Look, to be honest, I had spent 25 years stopping and starting and worrying about drinking, or not drinking and sometimes worrying about that, and sometimes not worrying about not drinking – the reprieves.
But last year, there were some moments in amongst my general ‘mindful drinking’ when I really did worry myself. I have usually been able to keep alcohol down to a dull roar. I could usually stay within 14 units a week, if we calculated it over a month anyway. This took some effort!
And then periods when I could drink more were both welcomed and dreaded. Holidays and Christmas and New Year, I would usually drink daily, never getting really drunk but often tipsy. And I’d usually feel pretty terrible by the end, both physically and mentally.
Anyway, at one period last year I was thinking to myself that I might be better just aiming for one glass of wine daily… have it every day but not much. I had made all sorts of deals with myself, this was just one last year.
But then I though that one wouldn’t really be enough… and wasn’t this all too stressful. Maybe I should just go the whole hog and start drinking as much as I want which would inevitably lead to terrible behaviour and then P would notice and make me stop. I could just get so bad that I would actually have to stop. Finally. Forever.

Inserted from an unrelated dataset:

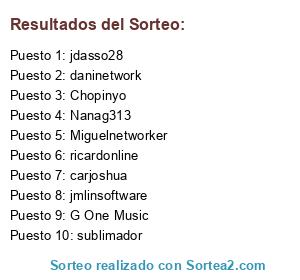 Lista de participantes: Miguelnetworker(33 participaciones), ricardonline(23 participaciones), Nanag313(15 participaciones), venespain73(11 participaciones), carjoshua(11 participaciones), daninetwork(11 participaciones), jmlinsoftware(11 participaciones), G-One-Music(11 participaciones), sublimador(9 participaciones), Chopinyo(8 participaciones).

Or… and this was what freaked me out somewhat… I thought I could just tipple away, but I wouldn’t want P and the kids to see that. So, genius thought! I could just stash a bottle of wine in the garage and then pop out now and then and have a glass, or just a refill. How cunning. How devious. I wonder whether any drinker has ever thought of that before? Hohoho.
Anyway… I never did it, but both the urge to drink so much so that all pretence was over, and also that urge to hide booze did give me a fright.
What was I thinking? Where was I going with this all? I was 55, hadn’t I wised up by now?